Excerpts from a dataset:
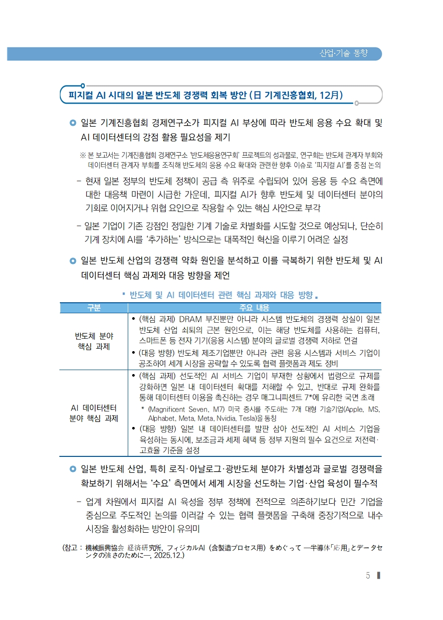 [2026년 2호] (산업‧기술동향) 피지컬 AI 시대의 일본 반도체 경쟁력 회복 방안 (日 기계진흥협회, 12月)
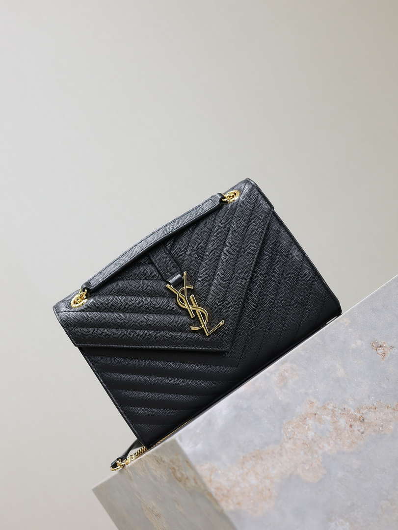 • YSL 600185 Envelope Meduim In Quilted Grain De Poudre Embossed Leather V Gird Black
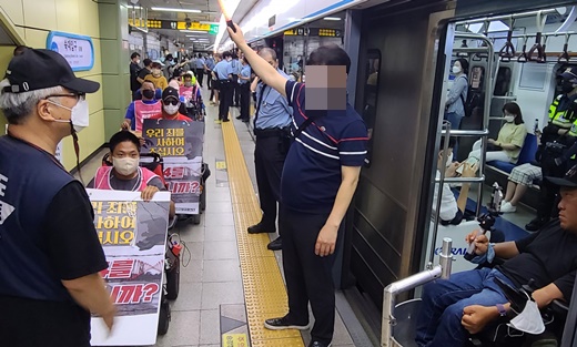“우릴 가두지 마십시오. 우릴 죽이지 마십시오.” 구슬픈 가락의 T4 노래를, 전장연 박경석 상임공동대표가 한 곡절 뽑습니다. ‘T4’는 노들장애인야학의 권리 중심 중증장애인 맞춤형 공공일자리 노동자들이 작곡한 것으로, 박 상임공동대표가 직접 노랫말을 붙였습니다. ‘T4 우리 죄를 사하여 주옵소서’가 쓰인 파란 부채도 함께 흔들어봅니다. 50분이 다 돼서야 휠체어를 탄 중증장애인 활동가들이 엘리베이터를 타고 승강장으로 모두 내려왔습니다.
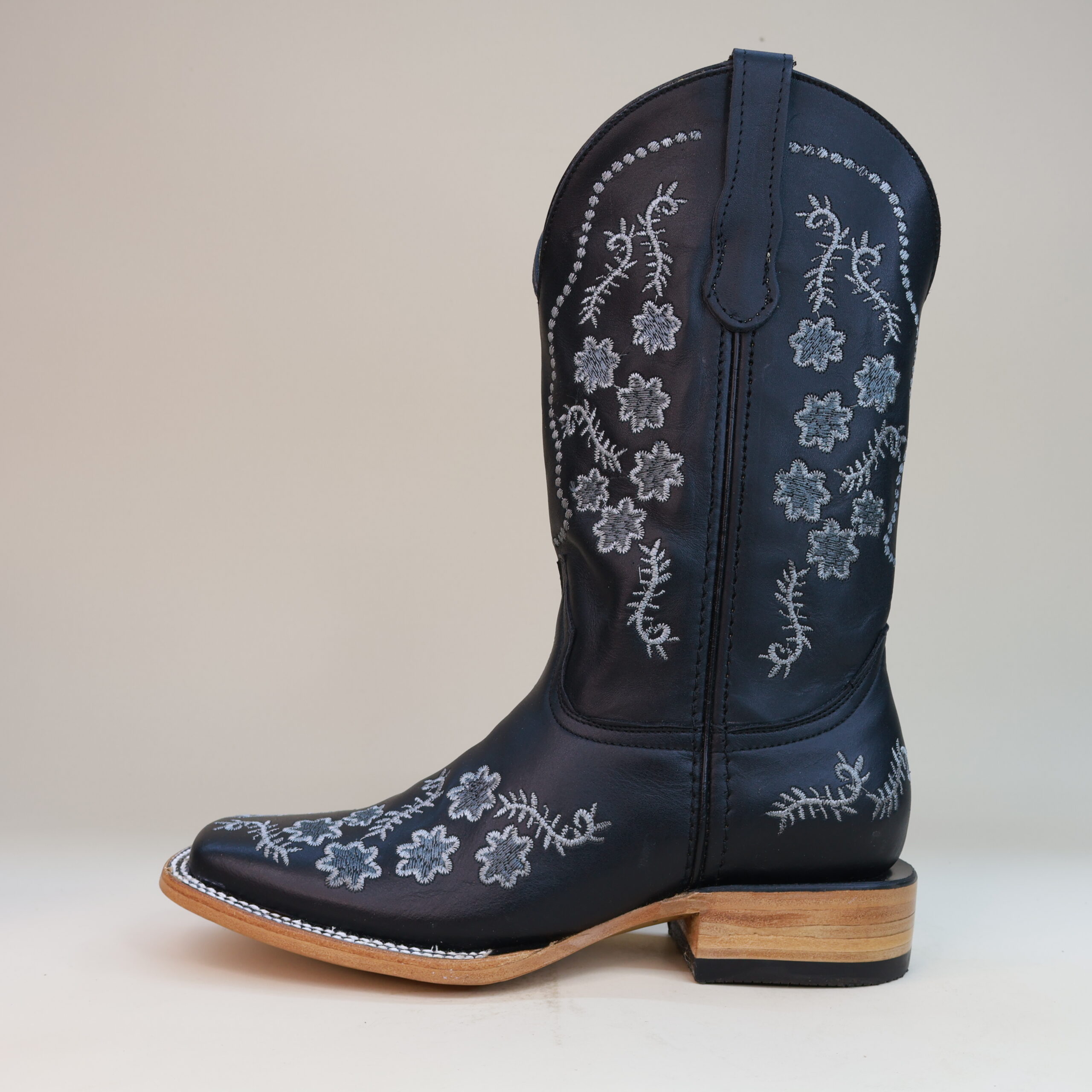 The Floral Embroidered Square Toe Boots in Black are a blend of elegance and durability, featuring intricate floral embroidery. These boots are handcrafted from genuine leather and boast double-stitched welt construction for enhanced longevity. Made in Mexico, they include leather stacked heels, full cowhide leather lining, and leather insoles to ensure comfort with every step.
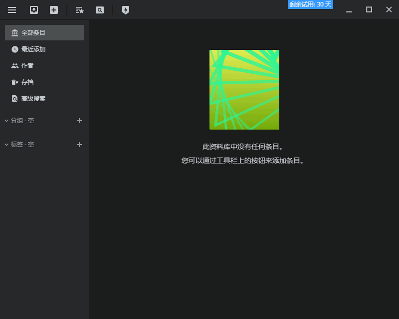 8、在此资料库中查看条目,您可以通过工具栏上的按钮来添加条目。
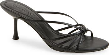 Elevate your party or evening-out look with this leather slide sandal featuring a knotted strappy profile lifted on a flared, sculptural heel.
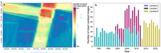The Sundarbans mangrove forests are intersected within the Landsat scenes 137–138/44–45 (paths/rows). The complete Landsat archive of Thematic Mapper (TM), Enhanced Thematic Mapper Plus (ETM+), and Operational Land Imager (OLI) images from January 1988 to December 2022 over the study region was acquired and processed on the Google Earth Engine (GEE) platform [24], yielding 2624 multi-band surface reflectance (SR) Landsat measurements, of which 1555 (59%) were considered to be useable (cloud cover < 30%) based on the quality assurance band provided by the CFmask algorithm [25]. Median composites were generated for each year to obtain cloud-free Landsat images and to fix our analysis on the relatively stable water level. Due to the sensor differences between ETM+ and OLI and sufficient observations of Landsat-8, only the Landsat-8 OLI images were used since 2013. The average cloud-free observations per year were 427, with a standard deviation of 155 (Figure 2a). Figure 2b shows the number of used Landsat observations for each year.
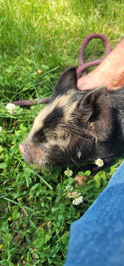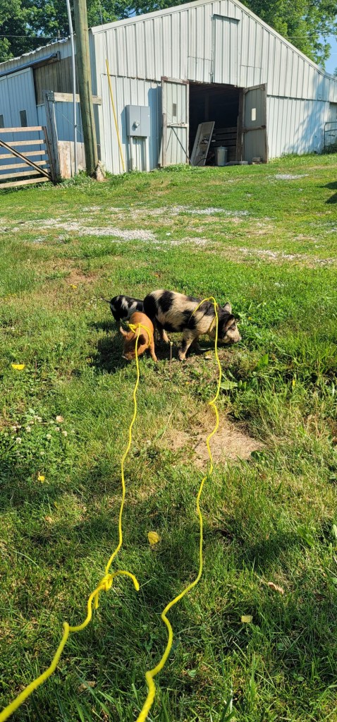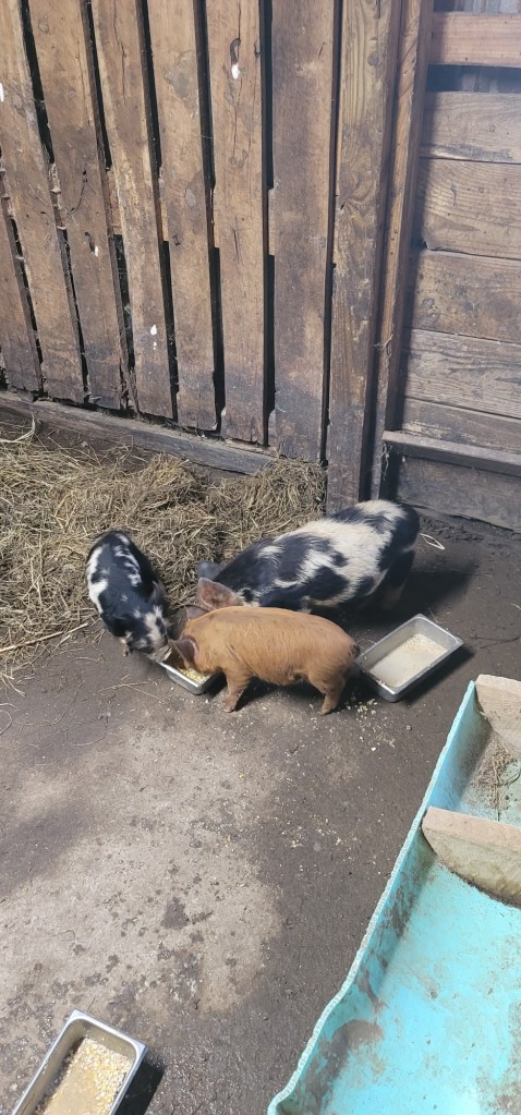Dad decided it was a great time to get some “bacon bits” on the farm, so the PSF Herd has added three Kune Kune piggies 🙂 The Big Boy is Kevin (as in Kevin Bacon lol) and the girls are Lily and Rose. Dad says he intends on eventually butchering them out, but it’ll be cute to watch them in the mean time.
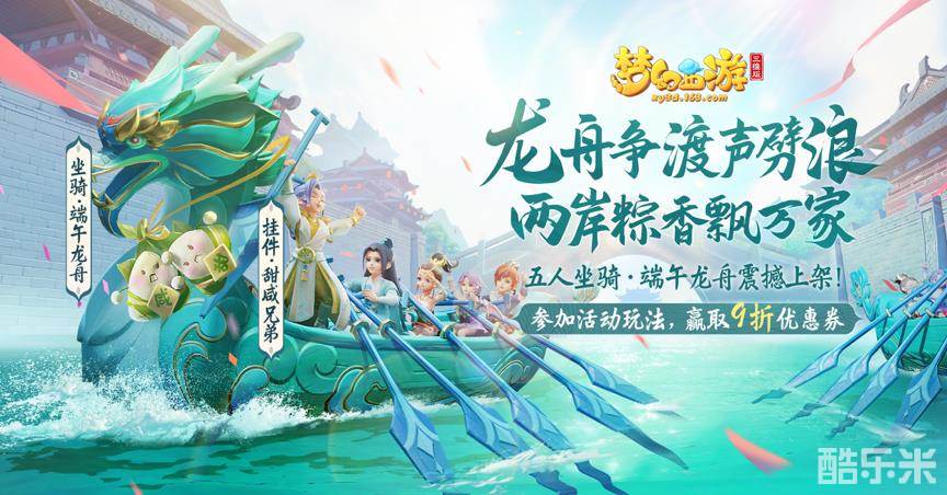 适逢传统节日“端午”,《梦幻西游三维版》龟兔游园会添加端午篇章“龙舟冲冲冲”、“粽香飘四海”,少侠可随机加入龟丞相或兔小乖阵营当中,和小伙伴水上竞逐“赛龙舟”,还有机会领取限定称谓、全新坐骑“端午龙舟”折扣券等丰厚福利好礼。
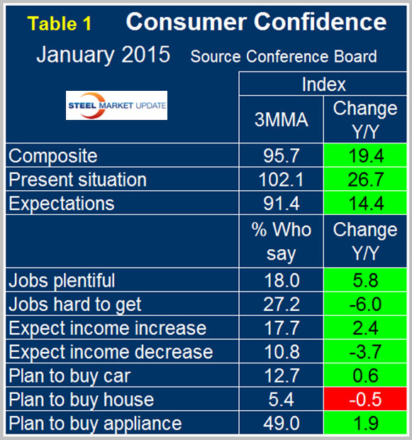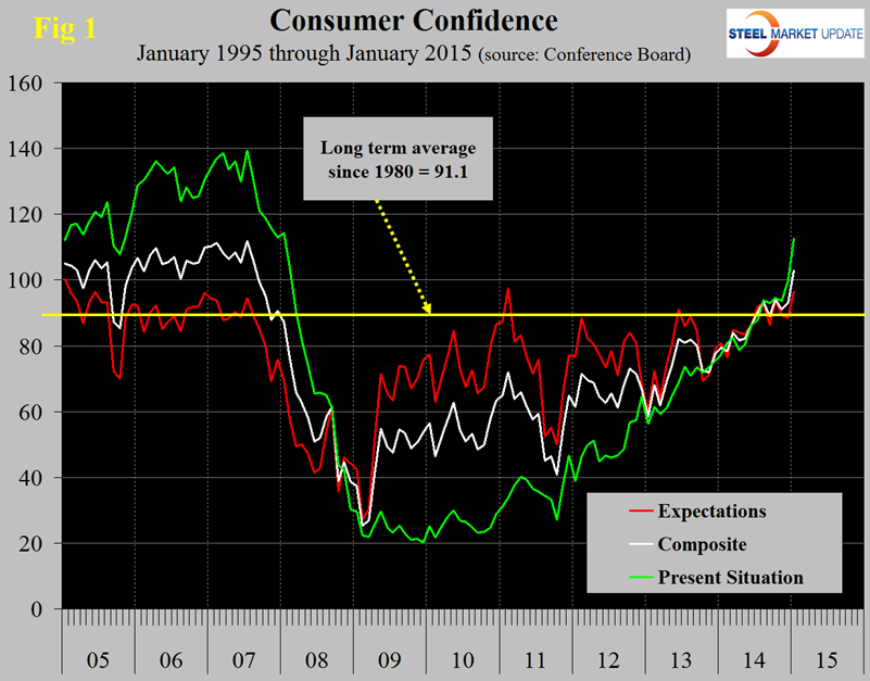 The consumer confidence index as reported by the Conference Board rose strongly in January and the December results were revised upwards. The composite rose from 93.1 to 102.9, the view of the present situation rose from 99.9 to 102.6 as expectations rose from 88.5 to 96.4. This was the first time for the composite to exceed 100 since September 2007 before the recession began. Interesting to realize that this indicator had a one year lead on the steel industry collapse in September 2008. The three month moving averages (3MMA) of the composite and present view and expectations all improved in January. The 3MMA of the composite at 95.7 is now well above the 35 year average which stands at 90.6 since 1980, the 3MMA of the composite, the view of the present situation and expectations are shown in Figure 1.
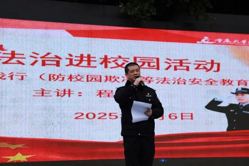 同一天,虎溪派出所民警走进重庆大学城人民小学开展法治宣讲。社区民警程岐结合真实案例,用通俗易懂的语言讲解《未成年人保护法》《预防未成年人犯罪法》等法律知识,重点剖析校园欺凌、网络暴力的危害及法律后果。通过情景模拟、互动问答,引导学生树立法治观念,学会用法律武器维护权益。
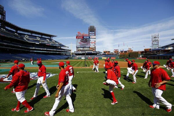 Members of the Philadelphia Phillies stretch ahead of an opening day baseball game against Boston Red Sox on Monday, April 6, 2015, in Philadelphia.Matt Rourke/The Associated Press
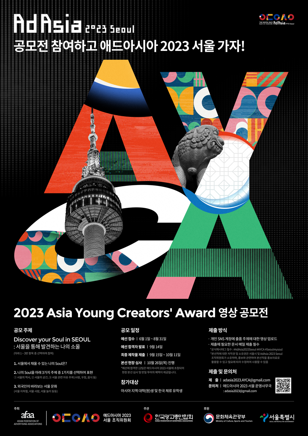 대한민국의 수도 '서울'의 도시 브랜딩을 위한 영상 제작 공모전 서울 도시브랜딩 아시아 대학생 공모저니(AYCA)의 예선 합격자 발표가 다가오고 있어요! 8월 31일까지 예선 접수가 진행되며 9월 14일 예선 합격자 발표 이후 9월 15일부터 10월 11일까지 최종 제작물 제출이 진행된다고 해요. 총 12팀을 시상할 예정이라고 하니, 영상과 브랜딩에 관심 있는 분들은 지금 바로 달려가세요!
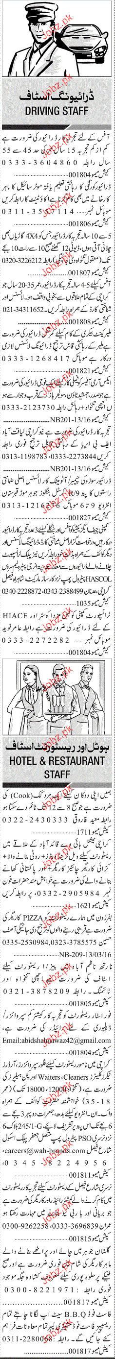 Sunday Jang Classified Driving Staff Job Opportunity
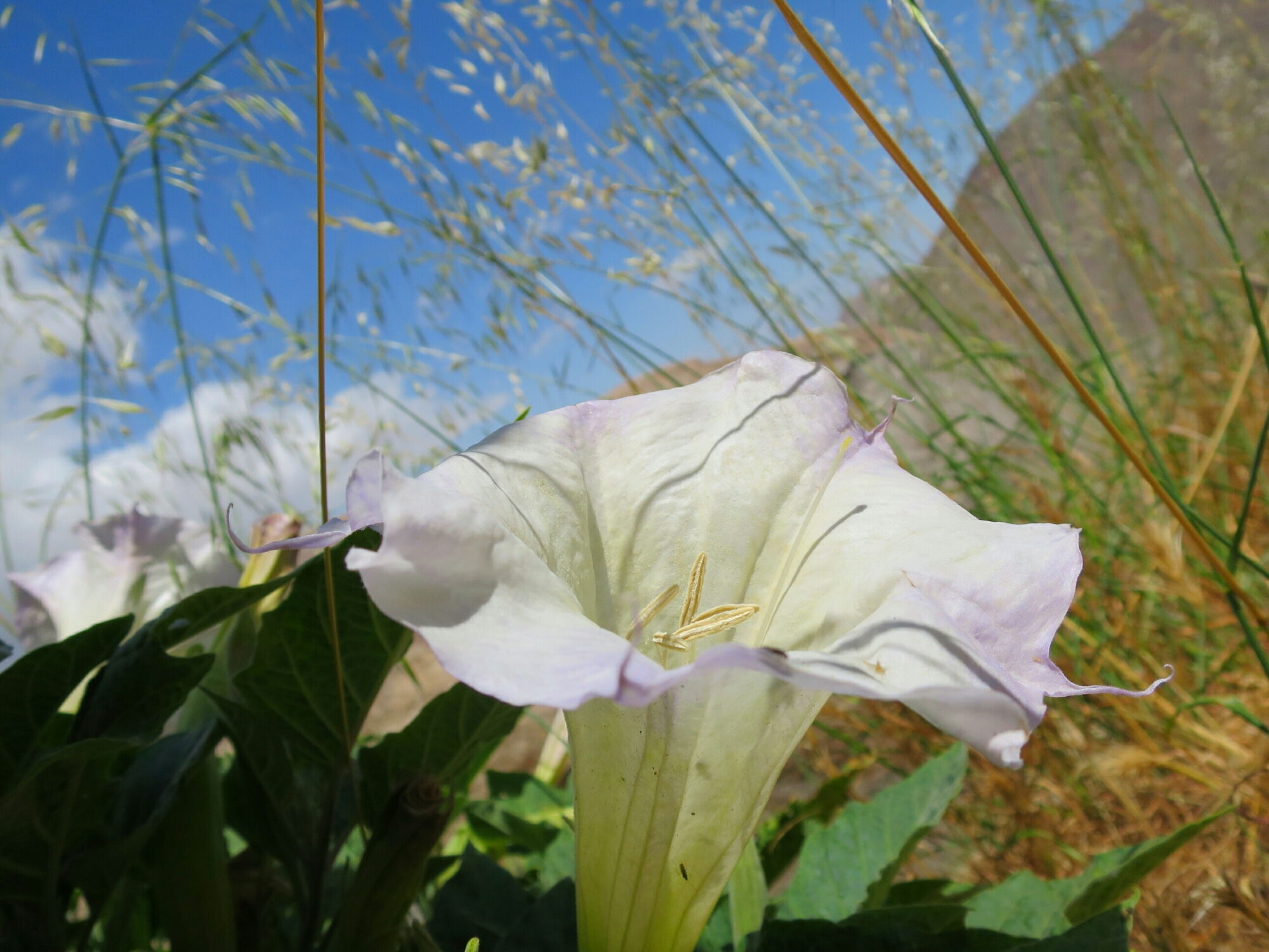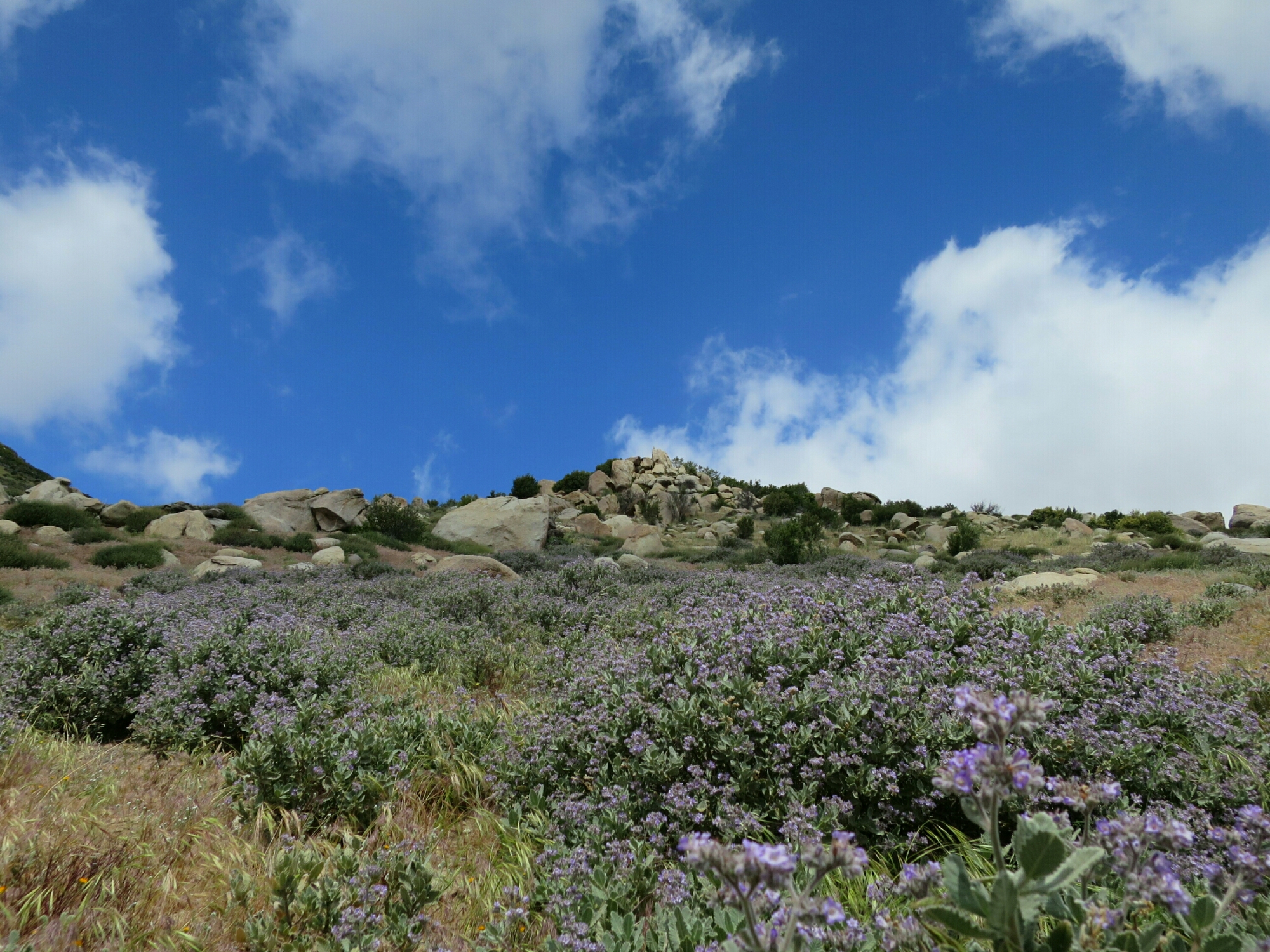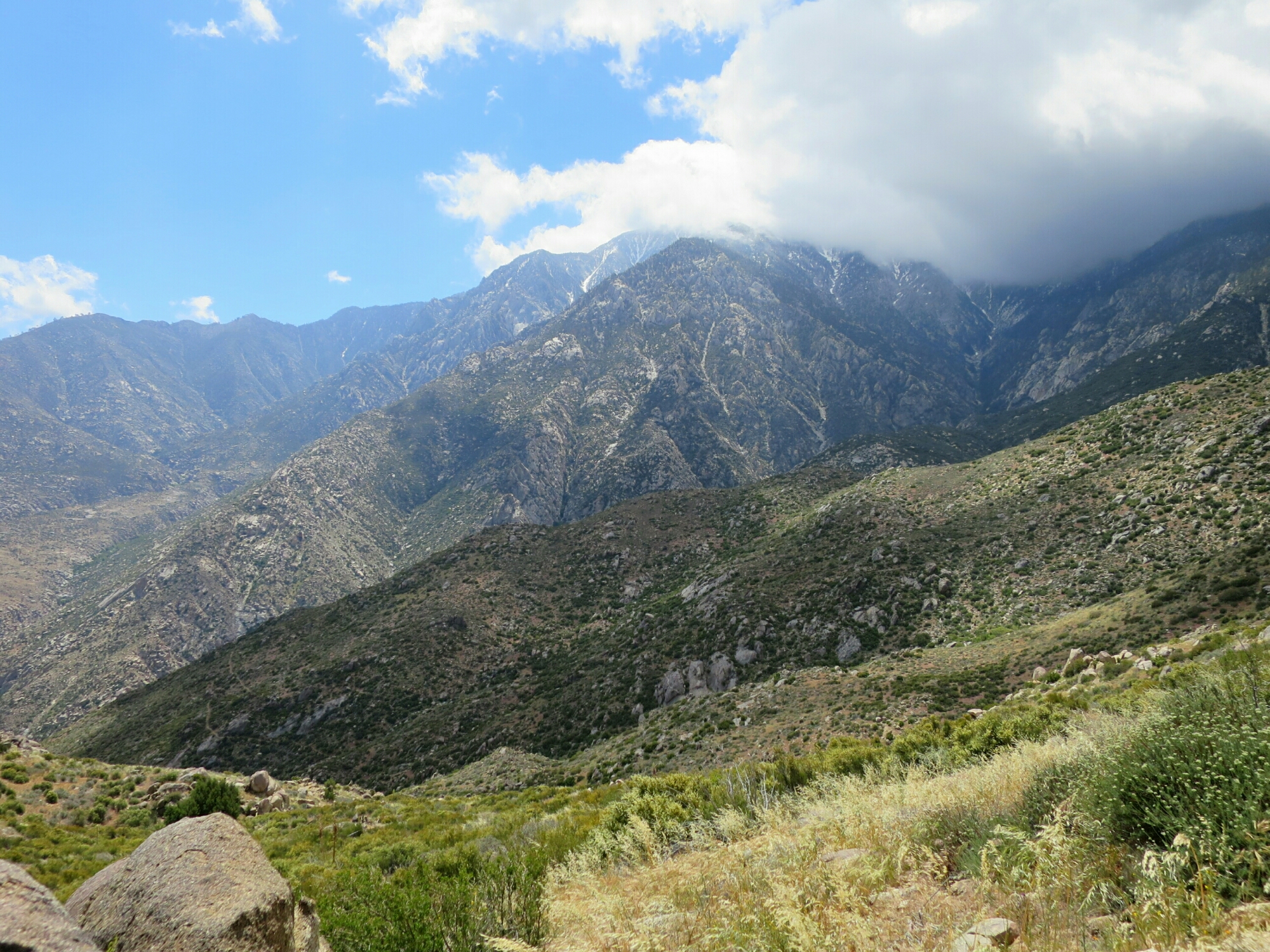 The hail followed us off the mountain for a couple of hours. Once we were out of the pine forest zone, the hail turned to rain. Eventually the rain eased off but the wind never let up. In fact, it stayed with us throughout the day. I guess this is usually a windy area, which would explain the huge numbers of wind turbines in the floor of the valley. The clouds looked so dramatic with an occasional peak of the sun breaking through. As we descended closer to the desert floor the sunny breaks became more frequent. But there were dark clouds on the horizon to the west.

Exercise directions:
Exactly the lines from the top of the entries through the line with "Elevate your party", inclusive, must be given again, with every picture omitted.

Answer space:
 [2026년 2호] (산업‧기술동향) 피지컬 AI 시대의 일본 반도체 경쟁력 회복 방안 (日 기계진흥협회, 12月)
 • YSL 600185 Envelope Meduim In Quilted Grain De Poudre Embossed Leather V Gird Black
“우릴 가두지 마십시오. 우릴 죽이지 마십시오.” 구슬픈 가락의 T4 노래를, 전장연 박경석 상임공동대표가 한 곡절 뽑습니다. ‘T4’는 노들장애인야학의 권리 중심 중증장애인 맞춤형 공공일자리 노동자들이 작곡한 것으로, 박 상임공동대표가 직접 노랫말을 붙였습니다. ‘T4 우리 죄를 사하여 주옵소서’가 쓰인 파란 부채도 함께 흔들어봅니다. 50분이 다 돼서야 휠체어를 탄 중증장애인 활동가들이 엘리베이터를 타고 승강장으로 모두 내려왔습니다.
 The Floral Embroidered Square Toe Boots in Black are a blend of elegance and durability, featuring intricate floral embroidery. These boots are handcrafted from genuine leather and boast double-stitched welt construction for enhanced longevity. Made in Mexico, they include leather stacked heels, full cowhide leather lining, and leather insoles to ensure comfort with every step.
 8、在此资料库中查看条目,您可以通过工具栏上的按钮来添加条目。
 Elevate your party or evening-out look with this leather slide sandal featuring a knotted strappy profile lifted on a flared, sculptural heel.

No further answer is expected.